Your task: Among the entries that follow, the required portion opens with the line containing "這是一款以樹莓派4B為核心開發的AI視覺四足機器狗。" and closes with the line containing "组合销售 产品介绍 产品规格". Give that portion again exactly, and nothing else.

***** The data

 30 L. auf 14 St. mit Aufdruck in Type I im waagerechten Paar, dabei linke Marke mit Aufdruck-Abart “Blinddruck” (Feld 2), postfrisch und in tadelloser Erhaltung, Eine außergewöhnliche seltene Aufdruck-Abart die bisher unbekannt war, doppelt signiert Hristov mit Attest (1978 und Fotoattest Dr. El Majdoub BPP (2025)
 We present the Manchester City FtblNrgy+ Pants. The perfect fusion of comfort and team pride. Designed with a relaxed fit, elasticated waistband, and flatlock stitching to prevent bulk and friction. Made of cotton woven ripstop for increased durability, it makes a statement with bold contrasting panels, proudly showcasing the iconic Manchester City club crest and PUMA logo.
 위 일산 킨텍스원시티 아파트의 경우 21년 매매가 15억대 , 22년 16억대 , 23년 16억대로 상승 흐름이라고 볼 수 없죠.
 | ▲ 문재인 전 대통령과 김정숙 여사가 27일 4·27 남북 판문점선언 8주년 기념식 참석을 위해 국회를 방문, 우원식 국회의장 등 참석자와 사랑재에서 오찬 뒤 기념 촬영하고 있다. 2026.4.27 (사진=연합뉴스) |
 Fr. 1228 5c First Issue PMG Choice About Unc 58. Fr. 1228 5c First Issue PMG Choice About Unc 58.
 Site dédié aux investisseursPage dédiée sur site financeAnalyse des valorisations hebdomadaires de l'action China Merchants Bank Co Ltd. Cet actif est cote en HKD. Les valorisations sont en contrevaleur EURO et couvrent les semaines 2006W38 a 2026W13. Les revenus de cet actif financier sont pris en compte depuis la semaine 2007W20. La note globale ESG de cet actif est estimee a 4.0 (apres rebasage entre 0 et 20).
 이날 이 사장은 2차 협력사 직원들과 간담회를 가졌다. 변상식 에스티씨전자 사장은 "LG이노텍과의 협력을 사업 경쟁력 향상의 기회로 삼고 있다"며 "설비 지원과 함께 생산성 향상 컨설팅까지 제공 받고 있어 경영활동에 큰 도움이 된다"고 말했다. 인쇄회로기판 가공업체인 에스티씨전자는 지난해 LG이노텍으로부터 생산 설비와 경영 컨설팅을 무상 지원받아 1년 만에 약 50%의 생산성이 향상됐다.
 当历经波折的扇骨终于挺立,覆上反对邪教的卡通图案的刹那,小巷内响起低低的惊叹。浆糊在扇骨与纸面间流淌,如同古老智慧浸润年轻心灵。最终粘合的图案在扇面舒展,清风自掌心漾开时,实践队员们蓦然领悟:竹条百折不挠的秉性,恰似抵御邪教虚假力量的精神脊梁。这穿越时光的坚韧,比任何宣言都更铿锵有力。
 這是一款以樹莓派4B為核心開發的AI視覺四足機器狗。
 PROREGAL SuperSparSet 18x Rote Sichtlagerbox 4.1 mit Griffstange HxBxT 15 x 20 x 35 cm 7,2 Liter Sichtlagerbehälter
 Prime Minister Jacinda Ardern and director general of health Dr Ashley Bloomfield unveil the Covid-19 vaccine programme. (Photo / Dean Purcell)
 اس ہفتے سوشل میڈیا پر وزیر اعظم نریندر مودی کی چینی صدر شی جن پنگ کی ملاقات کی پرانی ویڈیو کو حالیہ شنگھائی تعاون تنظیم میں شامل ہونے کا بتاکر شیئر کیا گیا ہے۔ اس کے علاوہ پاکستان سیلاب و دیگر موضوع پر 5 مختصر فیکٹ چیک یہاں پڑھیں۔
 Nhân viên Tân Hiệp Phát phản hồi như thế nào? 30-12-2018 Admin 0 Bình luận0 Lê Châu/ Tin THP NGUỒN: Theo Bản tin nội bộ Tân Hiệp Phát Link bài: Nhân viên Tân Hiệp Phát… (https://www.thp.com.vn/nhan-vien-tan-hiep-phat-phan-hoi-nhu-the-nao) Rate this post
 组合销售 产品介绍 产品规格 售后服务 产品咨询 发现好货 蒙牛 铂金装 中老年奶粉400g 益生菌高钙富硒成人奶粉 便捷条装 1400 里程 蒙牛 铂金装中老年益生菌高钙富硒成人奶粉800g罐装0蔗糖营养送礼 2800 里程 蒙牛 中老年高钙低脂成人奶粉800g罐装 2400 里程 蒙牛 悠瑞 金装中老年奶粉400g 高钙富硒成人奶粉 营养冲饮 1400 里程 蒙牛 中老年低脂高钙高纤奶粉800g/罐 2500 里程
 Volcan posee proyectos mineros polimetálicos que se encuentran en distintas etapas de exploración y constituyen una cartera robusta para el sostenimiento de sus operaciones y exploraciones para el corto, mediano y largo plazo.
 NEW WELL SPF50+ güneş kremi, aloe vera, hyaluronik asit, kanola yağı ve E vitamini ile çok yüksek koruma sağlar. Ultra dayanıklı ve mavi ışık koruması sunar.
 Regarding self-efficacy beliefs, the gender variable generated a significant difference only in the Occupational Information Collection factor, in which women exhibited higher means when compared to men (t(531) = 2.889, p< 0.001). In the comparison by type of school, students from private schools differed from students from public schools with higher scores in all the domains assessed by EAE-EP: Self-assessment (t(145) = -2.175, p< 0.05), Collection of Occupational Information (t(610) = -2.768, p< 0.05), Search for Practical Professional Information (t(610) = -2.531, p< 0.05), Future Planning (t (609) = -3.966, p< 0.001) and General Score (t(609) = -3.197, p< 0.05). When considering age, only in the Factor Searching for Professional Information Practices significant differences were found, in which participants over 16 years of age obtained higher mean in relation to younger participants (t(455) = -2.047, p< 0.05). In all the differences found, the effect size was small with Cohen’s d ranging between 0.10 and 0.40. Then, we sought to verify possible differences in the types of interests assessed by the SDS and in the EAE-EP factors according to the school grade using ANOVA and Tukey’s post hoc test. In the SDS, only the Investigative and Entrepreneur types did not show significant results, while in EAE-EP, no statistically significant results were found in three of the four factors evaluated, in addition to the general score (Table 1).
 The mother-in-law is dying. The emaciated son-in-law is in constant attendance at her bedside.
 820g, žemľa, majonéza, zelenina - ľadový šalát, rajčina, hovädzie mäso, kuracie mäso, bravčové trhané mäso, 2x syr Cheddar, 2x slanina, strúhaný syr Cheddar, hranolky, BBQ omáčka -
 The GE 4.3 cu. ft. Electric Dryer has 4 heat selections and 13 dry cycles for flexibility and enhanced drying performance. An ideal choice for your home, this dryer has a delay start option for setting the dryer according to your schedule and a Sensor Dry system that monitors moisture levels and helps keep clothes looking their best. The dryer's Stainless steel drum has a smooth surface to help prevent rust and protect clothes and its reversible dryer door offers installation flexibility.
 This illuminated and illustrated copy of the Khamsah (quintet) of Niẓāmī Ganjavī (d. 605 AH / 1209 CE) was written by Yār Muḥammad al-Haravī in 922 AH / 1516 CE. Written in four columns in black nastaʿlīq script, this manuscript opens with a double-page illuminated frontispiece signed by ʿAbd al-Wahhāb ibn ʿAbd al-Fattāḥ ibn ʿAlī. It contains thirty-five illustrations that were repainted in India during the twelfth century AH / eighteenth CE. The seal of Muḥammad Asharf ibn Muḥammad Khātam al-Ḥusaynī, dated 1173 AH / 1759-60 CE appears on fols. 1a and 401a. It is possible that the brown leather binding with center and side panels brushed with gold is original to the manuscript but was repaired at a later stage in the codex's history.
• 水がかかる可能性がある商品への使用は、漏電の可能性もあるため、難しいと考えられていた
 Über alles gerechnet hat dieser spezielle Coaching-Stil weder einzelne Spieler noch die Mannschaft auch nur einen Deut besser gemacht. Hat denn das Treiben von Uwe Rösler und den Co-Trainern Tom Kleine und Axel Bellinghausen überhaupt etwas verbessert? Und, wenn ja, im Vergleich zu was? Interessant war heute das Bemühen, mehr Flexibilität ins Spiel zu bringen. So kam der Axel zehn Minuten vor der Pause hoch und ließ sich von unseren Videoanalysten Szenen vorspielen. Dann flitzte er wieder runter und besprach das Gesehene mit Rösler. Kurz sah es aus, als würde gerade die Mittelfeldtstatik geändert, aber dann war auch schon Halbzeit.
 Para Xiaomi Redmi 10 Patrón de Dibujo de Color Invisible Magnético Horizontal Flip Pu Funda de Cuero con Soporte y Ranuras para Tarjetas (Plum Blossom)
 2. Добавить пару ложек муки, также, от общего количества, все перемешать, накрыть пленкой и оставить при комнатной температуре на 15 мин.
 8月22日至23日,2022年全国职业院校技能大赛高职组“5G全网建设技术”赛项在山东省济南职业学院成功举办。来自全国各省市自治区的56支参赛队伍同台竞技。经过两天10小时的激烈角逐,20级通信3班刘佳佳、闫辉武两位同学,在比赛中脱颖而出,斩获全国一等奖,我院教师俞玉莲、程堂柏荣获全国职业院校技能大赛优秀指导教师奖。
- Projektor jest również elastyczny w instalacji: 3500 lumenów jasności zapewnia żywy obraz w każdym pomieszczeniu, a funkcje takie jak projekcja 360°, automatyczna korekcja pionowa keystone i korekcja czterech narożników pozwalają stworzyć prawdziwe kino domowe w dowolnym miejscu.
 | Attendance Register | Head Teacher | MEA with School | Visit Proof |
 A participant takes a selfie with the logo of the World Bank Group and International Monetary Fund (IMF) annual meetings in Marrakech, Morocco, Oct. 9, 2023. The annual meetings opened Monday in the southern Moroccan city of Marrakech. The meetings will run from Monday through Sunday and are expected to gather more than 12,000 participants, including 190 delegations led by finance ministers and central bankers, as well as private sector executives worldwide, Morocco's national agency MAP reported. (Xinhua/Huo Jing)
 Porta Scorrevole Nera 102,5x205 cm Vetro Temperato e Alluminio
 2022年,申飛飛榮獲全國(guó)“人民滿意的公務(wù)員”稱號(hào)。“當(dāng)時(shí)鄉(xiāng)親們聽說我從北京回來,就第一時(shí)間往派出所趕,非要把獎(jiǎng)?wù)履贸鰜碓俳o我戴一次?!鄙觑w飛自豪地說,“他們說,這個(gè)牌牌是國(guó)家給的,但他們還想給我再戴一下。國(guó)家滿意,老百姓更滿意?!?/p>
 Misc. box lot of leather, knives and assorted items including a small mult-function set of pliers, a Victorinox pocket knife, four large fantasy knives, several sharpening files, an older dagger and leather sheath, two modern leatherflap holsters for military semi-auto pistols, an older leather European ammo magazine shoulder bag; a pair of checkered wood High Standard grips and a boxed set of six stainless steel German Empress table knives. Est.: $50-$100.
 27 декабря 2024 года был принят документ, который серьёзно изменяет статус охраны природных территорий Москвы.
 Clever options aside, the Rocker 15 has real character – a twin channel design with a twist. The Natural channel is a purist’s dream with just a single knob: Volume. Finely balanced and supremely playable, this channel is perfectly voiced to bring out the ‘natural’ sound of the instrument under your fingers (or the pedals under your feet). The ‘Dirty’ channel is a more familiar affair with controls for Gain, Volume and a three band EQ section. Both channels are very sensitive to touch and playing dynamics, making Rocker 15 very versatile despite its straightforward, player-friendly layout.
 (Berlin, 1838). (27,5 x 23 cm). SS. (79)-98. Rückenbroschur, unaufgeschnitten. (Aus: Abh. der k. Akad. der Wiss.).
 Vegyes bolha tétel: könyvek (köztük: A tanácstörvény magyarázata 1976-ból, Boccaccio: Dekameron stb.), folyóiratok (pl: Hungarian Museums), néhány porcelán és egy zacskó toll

**********

Expected output:
 這是一款以樹莓派4B為核心開發的AI視覺四足機器狗。
 PROREGAL SuperSparSet 18x Rote Sichtlagerbox 4.1 mit Griffstange HxBxT 15 x 20 x 35 cm 7,2 Liter Sichtlagerbehälter
 Prime Minister Jacinda Ardern and director general of health Dr Ashley Bloomfield unveil the Covid-19 vaccine programme. (Photo / Dean Purcell)
 اس ہفتے سوشل میڈیا پر وزیر اعظم نریندر مودی کی چینی صدر شی جن پنگ کی ملاقات کی پرانی ویڈیو کو حالیہ شنگھائی تعاون تنظیم میں شامل ہونے کا بتاکر شیئر کیا گیا ہے۔ اس کے علاوہ پاکستان سیلاب و دیگر موضوع پر 5 مختصر فیکٹ چیک یہاں پڑھیں۔
 Nhân viên Tân Hiệp Phát phản hồi như thế nào? 30-12-2018 Admin 0 Bình luận0 Lê Châu/ Tin THP NGUỒN: Theo Bản tin nội bộ Tân Hiệp Phát Link bài: Nhân viên Tân Hiệp Phát… (https://www.thp.com.vn/nhan-vien-tan-hiep-phat-phan-hoi-nhu-the-nao) Rate this post
 组合销售 产品介绍 产品规格 售后服务 产品咨询 发现好货 蒙牛 铂金装 中老年奶粉400g 益生菌高钙富硒成人奶粉 便捷条装 1400 里程 蒙牛 铂金装中老年益生菌高钙富硒成人奶粉800g罐装0蔗糖营养送礼 2800 里程 蒙牛 中老年高钙低脂成人奶粉800g罐装 2400 里程 蒙牛 悠瑞 金装中老年奶粉400g 高钙富硒成人奶粉 营养冲饮 1400 里程 蒙牛 中老年低脂高钙高纤奶粉800g/罐 2500 里程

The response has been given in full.